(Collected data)
*** Begin section ***

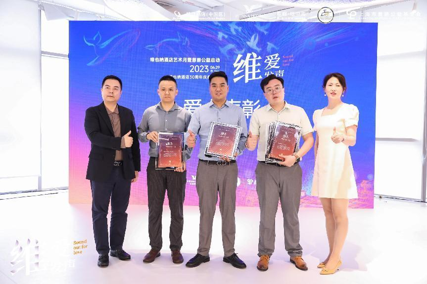 活动现场,锦江酒店(中国区)上海总部运营中台负责人陈勇(下图左1)、锦江酒店(中国区)副总裁维也纳酒店&欧暇·地中海品牌总裁张敏(下图右1),为爱心人士代表颁发“维爱发声”项目公益联合推广大使证书。
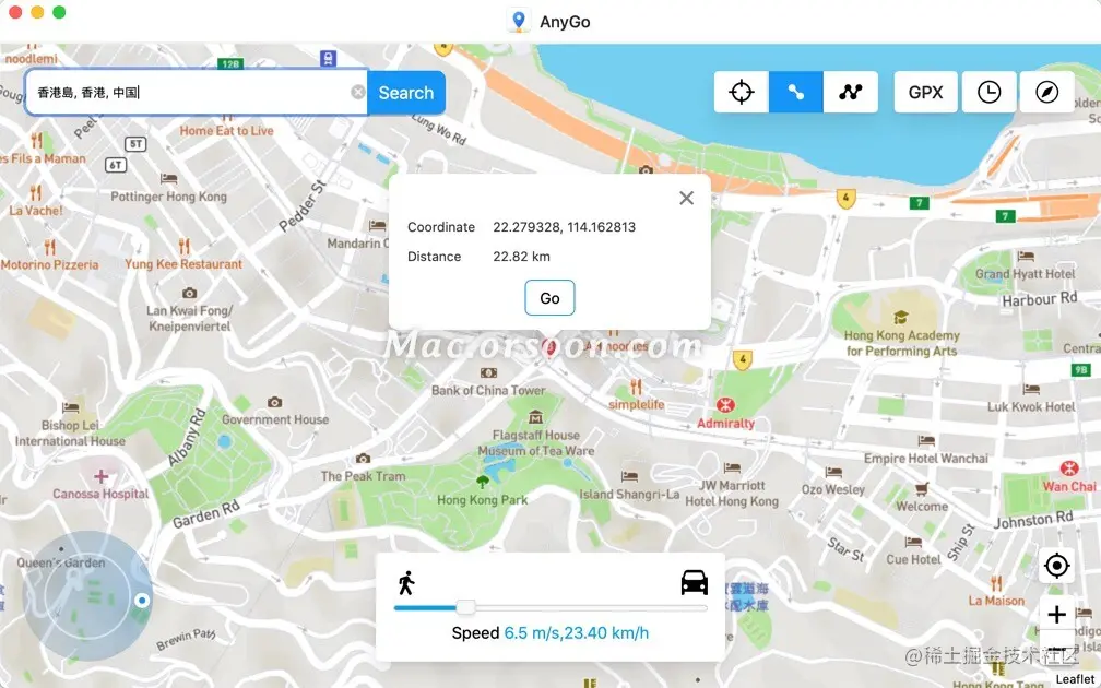 AnyGo可以通过电脑的形式来对你手机当中的定位进行修改,只需要将iPhone / iPad连接到Mac上面就能够为你进行位置上的修改,而且还有模拟走路功能,可以模拟GPS沿着***道路或绘制的任何路径的运动,还适用于在玩某些游戏的时候,你还可以自定义不同的行进速度。
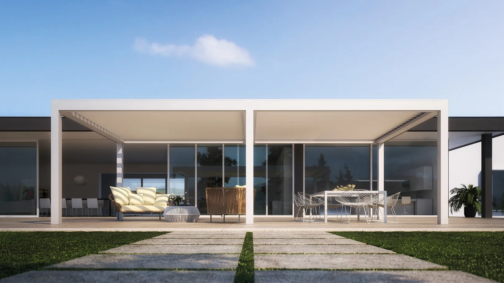 Elegant aluminium pergola med motordrivna aluminiumlameller som kan vinklas hela 140°
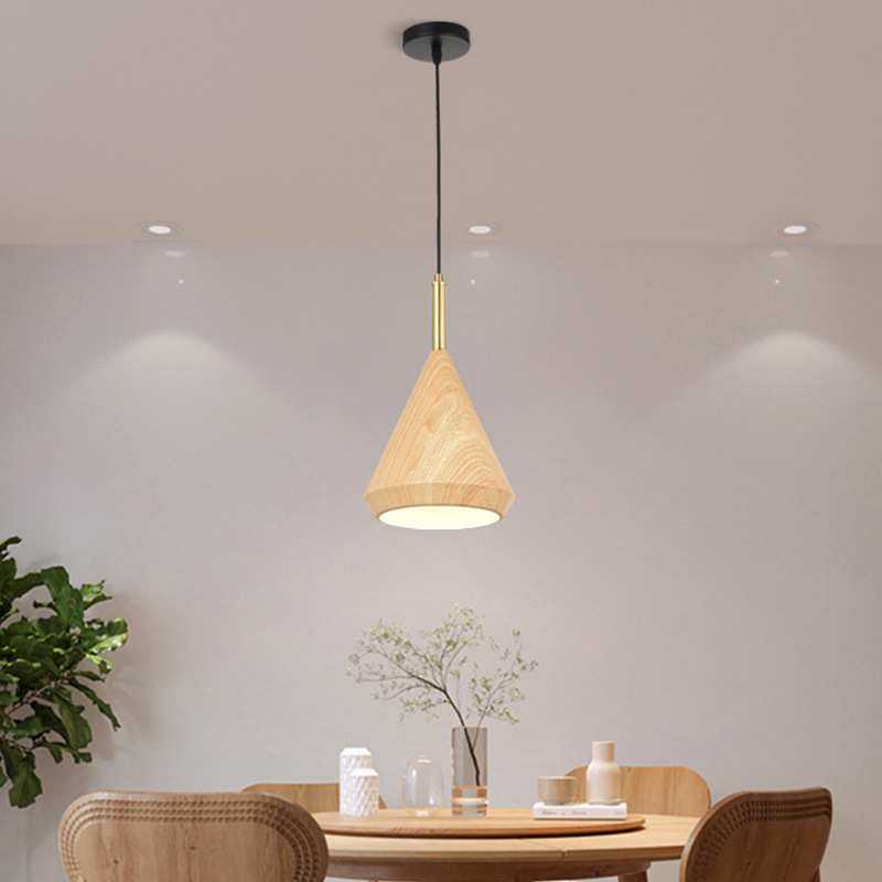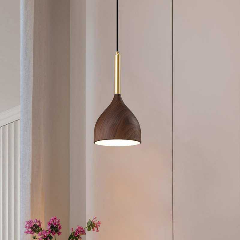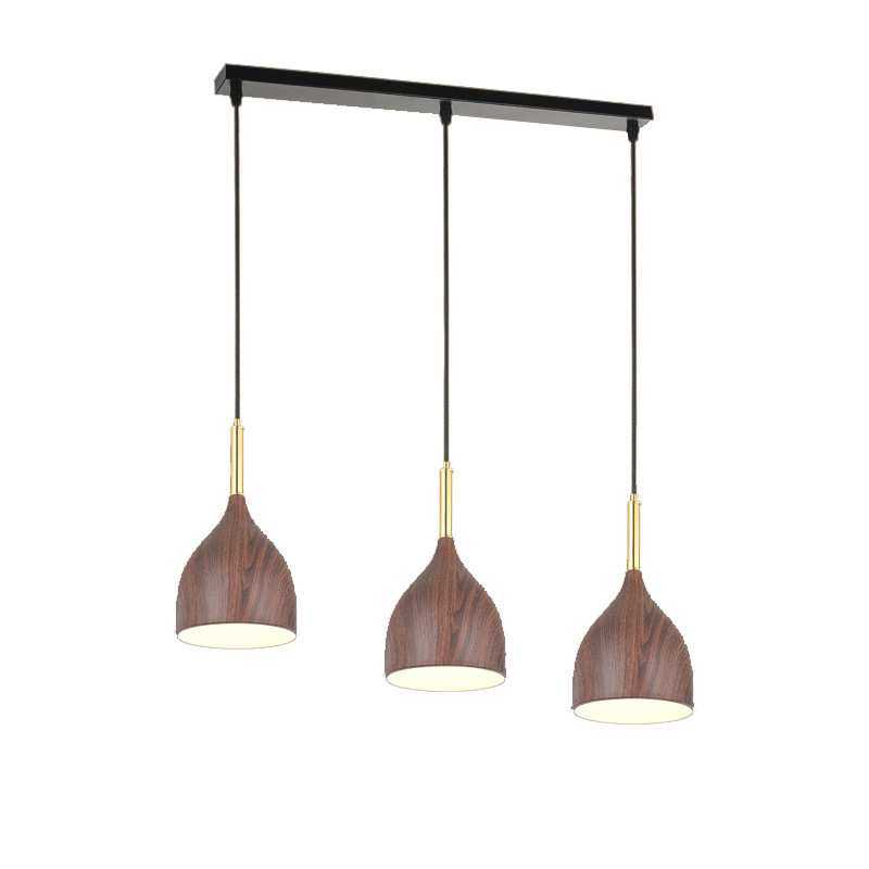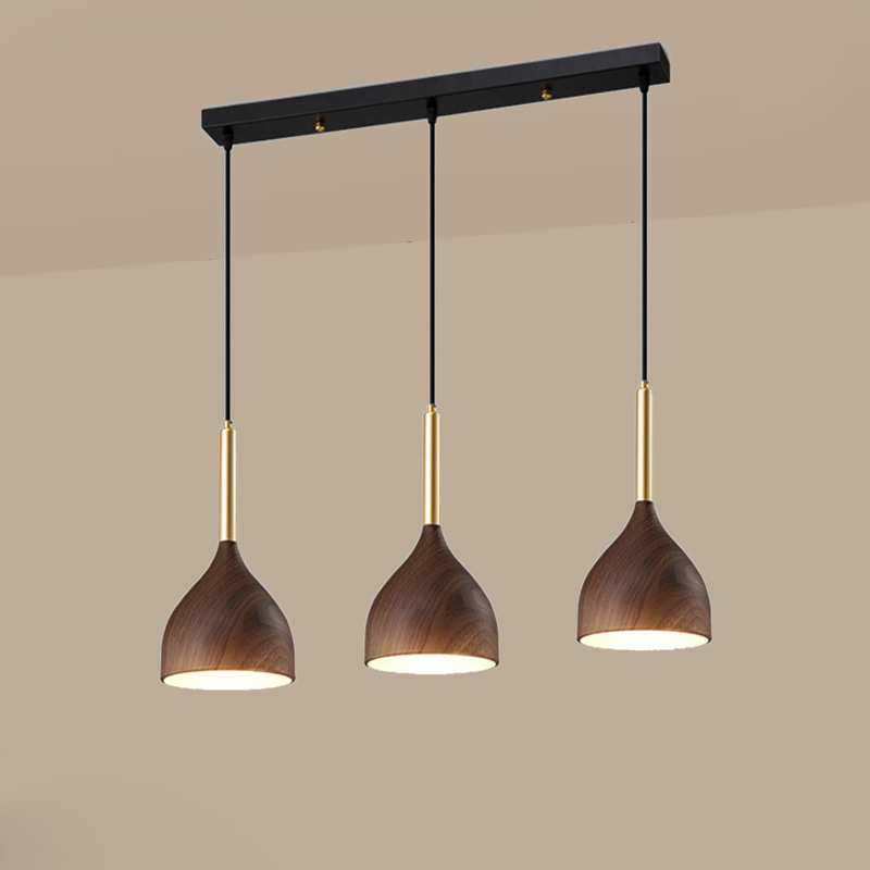 新中式三头餐厅吊灯现代简约创意中山木纹床头餐桌咖啡厅吧台灯具
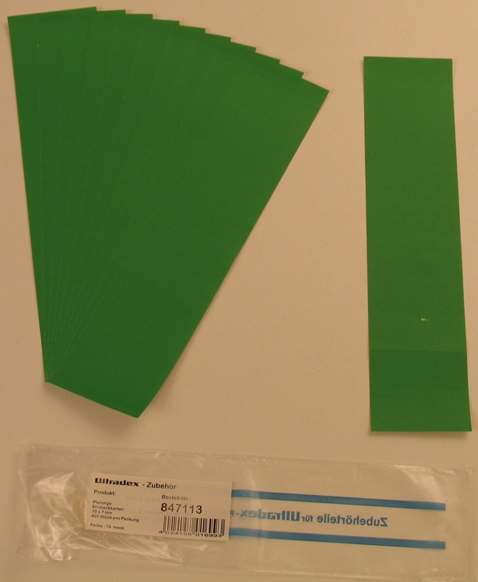 Einsteckkarten für 9,5mm Einsteckschiene 70x7,5mm VE=420 Stück moos
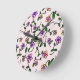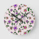Colourful Flowers, Floral Pattern, Greenery, Boho Round Clock
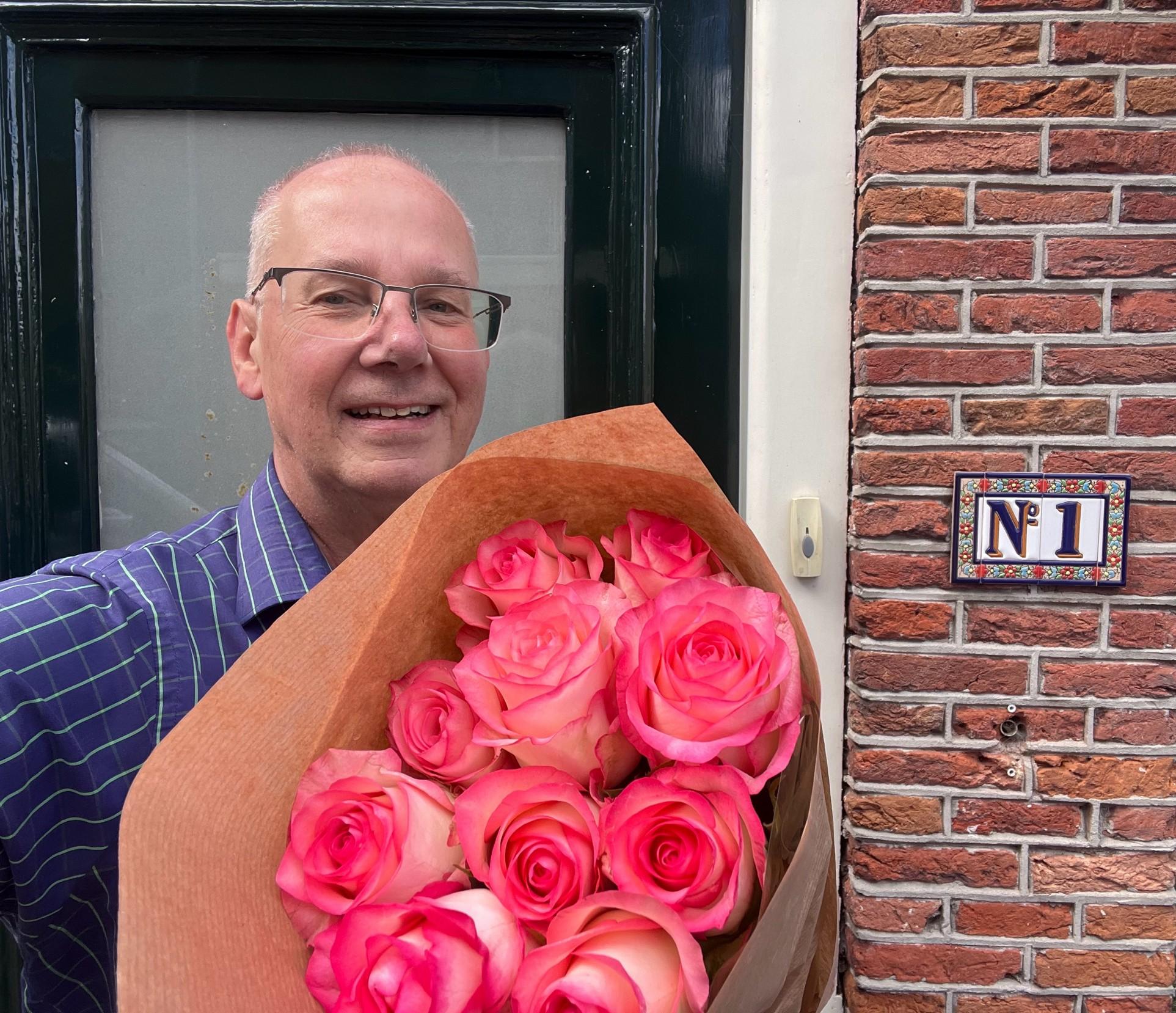 People receiving flowers
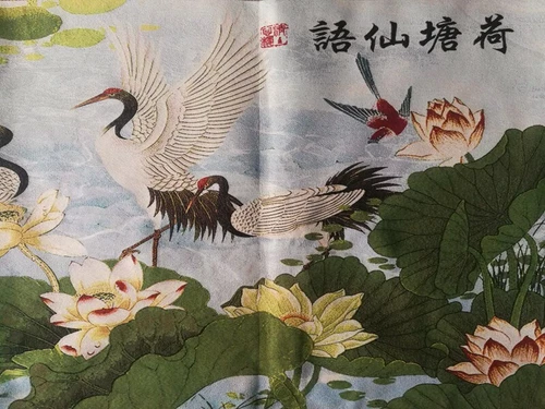 Old Chinese silk Embroidery Painting "Lotus Pond Fairy" 90256
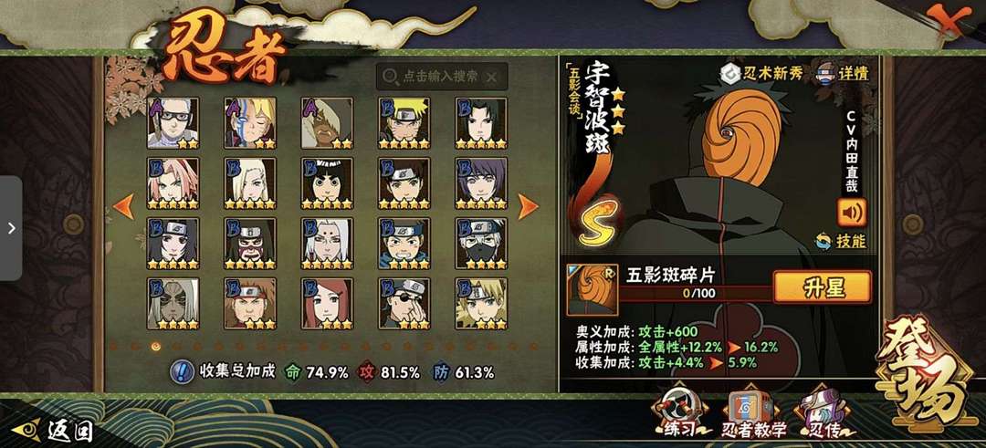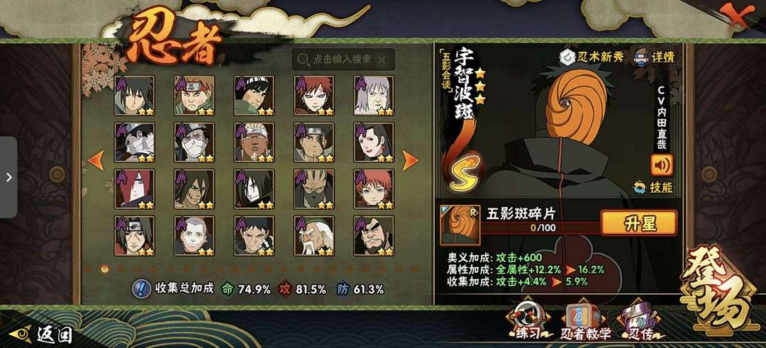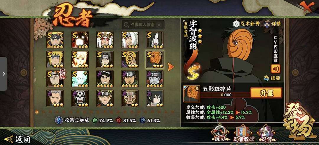 五影斑,传说自来也,九喇叭水门,大筒木舍人,六尾鸣人,漂泊带土,晓蛇,恶灵飞段,熊猫
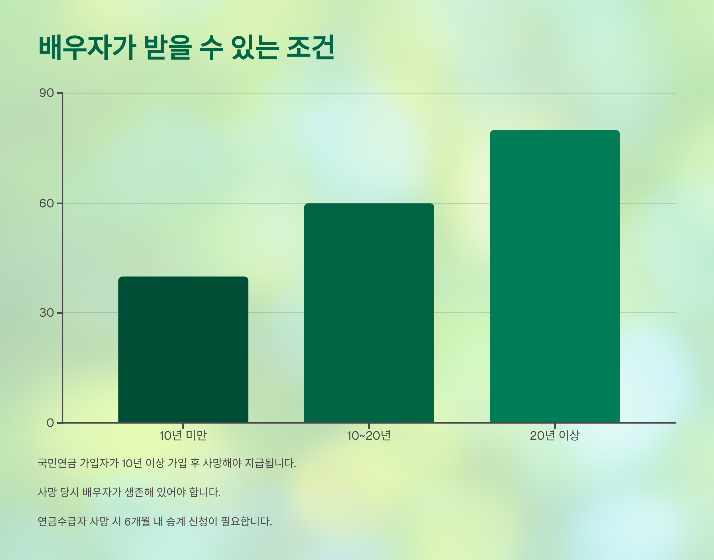 배우자가 유족연금을 받는 데 있어서 특별한 점은 다른 가족구성원과 달리 소득이나 재산에 관계없이 연금을 받을 수 있다는 것이에요. 자녀의 경우 만 18세 미만이거나 장애가 있어야 하고, 부모의 경우 만 60세 이상이어야 하는 등의 조건이 있지만, 배우자는 이런 제한이 없어요. 심지어 배우자가 다른 소득이 많더라도 유족연금을 받을 수 있어서, 경제적으로 여유가 있는 경우에도 연금 수급권은 보장되어 있답니다. 이는 부부관계의 특별성과 배우자의 정신적 피해를 고려한 것으로 해석할 수 있어요.
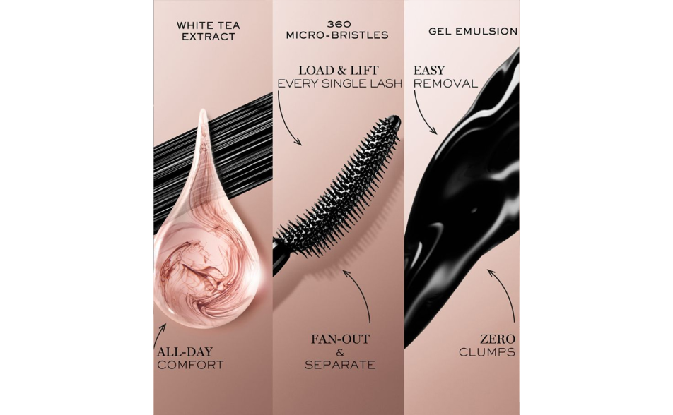 Questo mascara rappresenta una nuova generazione di prodotti per ciglia, in grado di donare un volume straordinario ad ogni singola ciglia, per un effetto "ciglia a ventaglio".
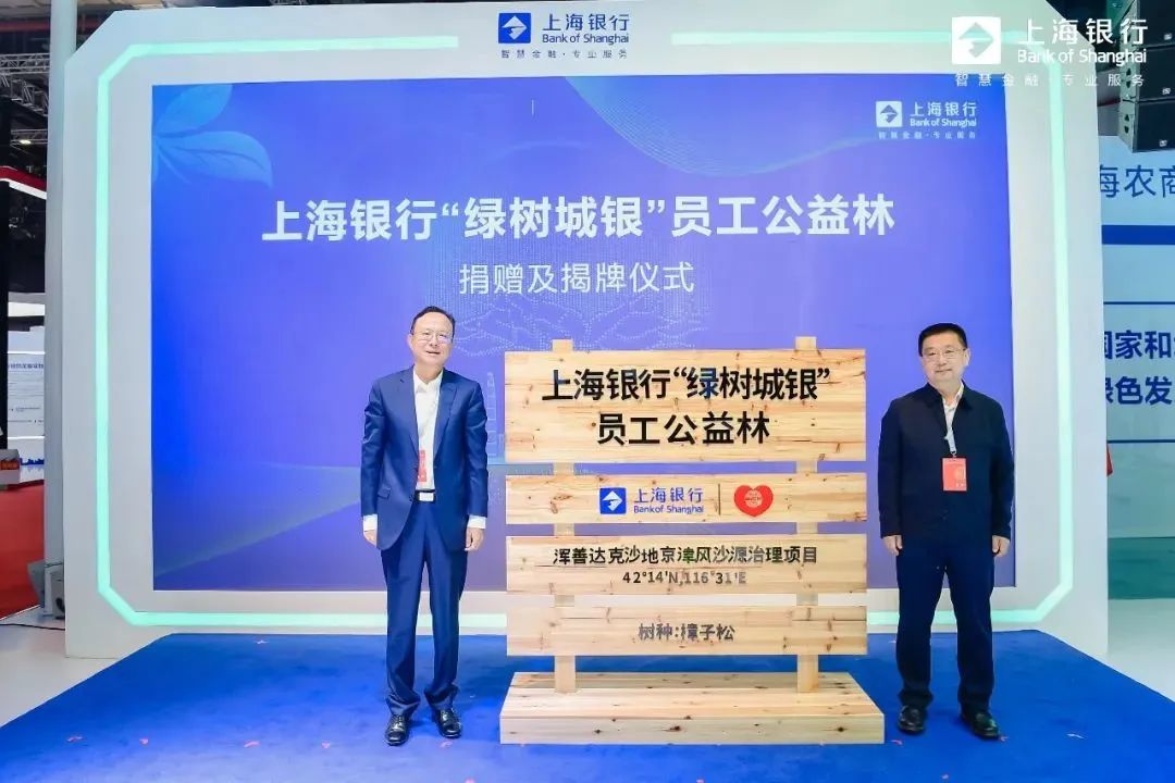 在以绿色金融赋能全社会加快绿色转型的同时,上海银行围绕自身双碳目标,全面推进绿色银行建设,强化绿色运营、绿色行为、绿色采购、绿色价值四轮驱动,搭建绿色低碳运行体系,探索实践自身绿色低碳发展。在碳博会活动现场,还举办了上海银行“绿树城银”员工公益林捐赠及揭牌仪式:在内蒙古自治区浑善达克规模化林场播种“绿水青山”,为京津冀地区筑起“挡沙墙”,为社会减碳尽绵薄之力,践行国企员工的社会担当。

*** End section ***

## YOUR TASK
Transcribe exactly the lines running from the line with "Old Chinese silk" to the last line of the entries. Pictures stay out of the copy.

## RESPONSE FOR THIS EXERCISE
 Old Chinese silk Embroidery Painting "Lotus Pond Fairy" 90256
 五影斑,传说自来也,九喇叭水门,大筒木舍人,六尾鸣人,漂泊带土,晓蛇,恶灵飞段,熊猫
 배우자가 유족연금을 받는 데 있어서 특별한 점은 다른 가족구성원과 달리 소득이나 재산에 관계없이 연금을 받을 수 있다는 것이에요. 자녀의 경우 만 18세 미만이거나 장애가 있어야 하고, 부모의 경우 만 60세 이상이어야 하는 등의 조건이 있지만, 배우자는 이런 제한이 없어요. 심지어 배우자가 다른 소득이 많더라도 유족연금을 받을 수 있어서, 경제적으로 여유가 있는 경우에도 연금 수급권은 보장되어 있답니다. 이는 부부관계의 특별성과 배우자의 정신적 피해를 고려한 것으로 해석할 수 있어요.
 Questo mascara rappresenta una nuova generazione di prodotti per ciglia, in grado di donare un volume straordinario ad ogni singola ciglia, per un effetto "ciglia a ventaglio".
 在以绿色金融赋能全社会加快绿色转型的同时,上海银行围绕自身双碳目标,全面推进绿色银行建设,强化绿色运营、绿色行为、绿色采购、绿色价值四轮驱动,搭建绿色低碳运行体系,探索实践自身绿色低碳发展。在碳博会活动现场,还举办了上海银行“绿树城银”员工公益林捐赠及揭牌仪式:在内蒙古自治区浑善达克规模化林场播种“绿水青山”,为京津冀地区筑起“挡沙墙”,为社会减碳尽绵薄之力,践行国企员工的社会担当。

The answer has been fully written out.